Using heapq.nsmallest() (Python Standard Library)
Python's built-in heapq module provides nsmallest(), which uses a heap data structure to efficiently find the k smallest elements. This works on any iterable and doesn't require NumPy.
import numpy as np
import heapq
arr = np.array([23, 12, 1, 3, 4, 5, 6])
k = 4
result = heapq.nsmallest(k, arr.tolist())
print("Array:", arr)
print(f"{k} smallest elements:", result)
Output:
Array: [23 12 1 3 4 5 6]
4 smallest elements: [1, 3, 4, 5]
heapq.nsmallest() returns a sorted Python list, not a NumPy array. It requires converting the NumPy array to a list first (.tolist()), which adds overhead. For NumPy workflows, prefer np.partition() or np.argpartition().

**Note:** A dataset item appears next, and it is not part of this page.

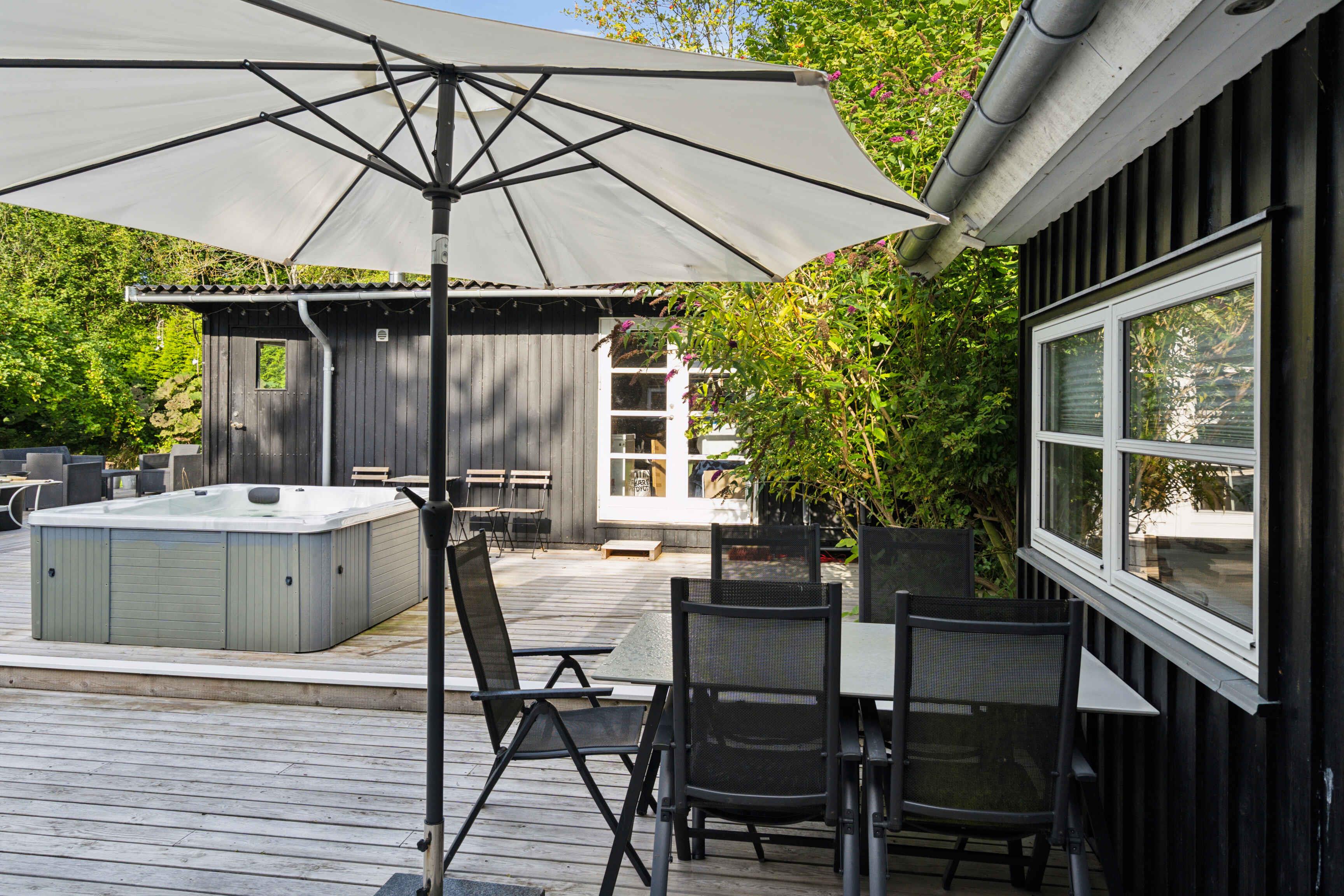 Lækkert moderne sommerhus til kip på stor naturgrund med træterasse, udespa og brændefyret sauna. 450 meter til skøn strand. Tæt på bistro, ishus, supermarkeder, togstation, Troldhøj skov, gamle ege-og bøgetræer, gravhøje og vandreruter.
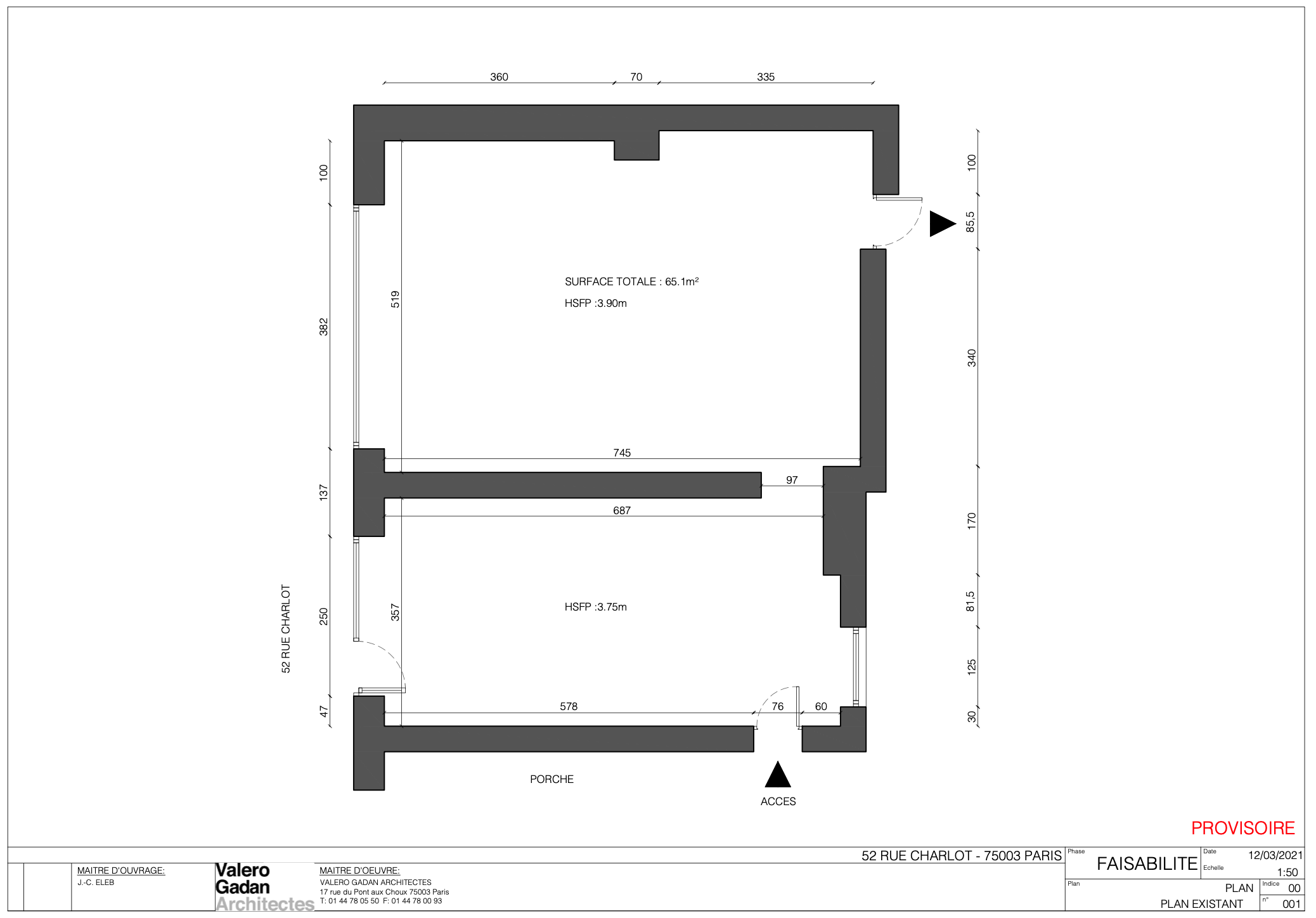 Ceiling heights: 3.90 m main volume / 3.75 m secondary volume

Practical Example: Finding K Smallest in a 2D Array
In real-world scenarios, you might need the k smallest values from a multi-dimensional array. Here's how to handle that:
import numpy as np
# 2D array of sensor readings
data = np.array([
[45, 12, 67],
[3, 89, 23],
[56, 7, 41]
])
k = 4
# Flatten, find k smallest, then sort
flat = data.ravel()
result = np.sort(np.partition(flat, k)[:k])
print("2D Array:")
print(data)
print(f"\n{k} smallest values across entire array:", result)
Output:
2D Array:
[[45 12 67]
[ 3 89 23]
[56 7 41]]
4 smallest values across entire array: [ 3 7 12 23]
Comparison of Approaches
| Method | Time Complexity | Returns Sorted? | Returns Indices? | Best For |
|---|---|---|---|---|
np.partition() | O(n) | ❌ | ❌ | Large arrays (recommended) |
np.argpartition() | O(n) | ❌ | ✅ | When you need positions |
np.sort() | O(n log n) | ✅ | ❌ | Small arrays or full sort needed |
heapq.nsmallest() | O(n log k) | ✅ | ❌ | Non-NumPy workflows |
Finding the K Largest Values
All these methods work for finding the k largest values too - simply adjust the approach:
import numpy as np
arr = np.array([23, 12, 1, 3, 4, 5, 6])
k = 3
# K largest using np.partition()
result = np.partition(arr, -k)[-k:]
print(f"{k} largest elements:", np.sort(result))
Output:
3 largest elements: [ 6 12 23]
Using -k as the partition index places the k largest elements at the end of the partially sorted array.
Conclusion
For finding the k smallest values in a NumPy array, np.partition() is the best choice for most scenarios - it runs in linear time and scales efficiently to large datasets.
- Use
np.argpartition()when you also need the indices of those elements. - Fall back to
np.sort()for simplicity on small arrays. - Use
heapq.nsmallest()when working outside the NumPy ecosystem.
Remember that np.partition() doesn't guarantee sorted order within the k elements, so add a secondary sort on the result if ordering matters.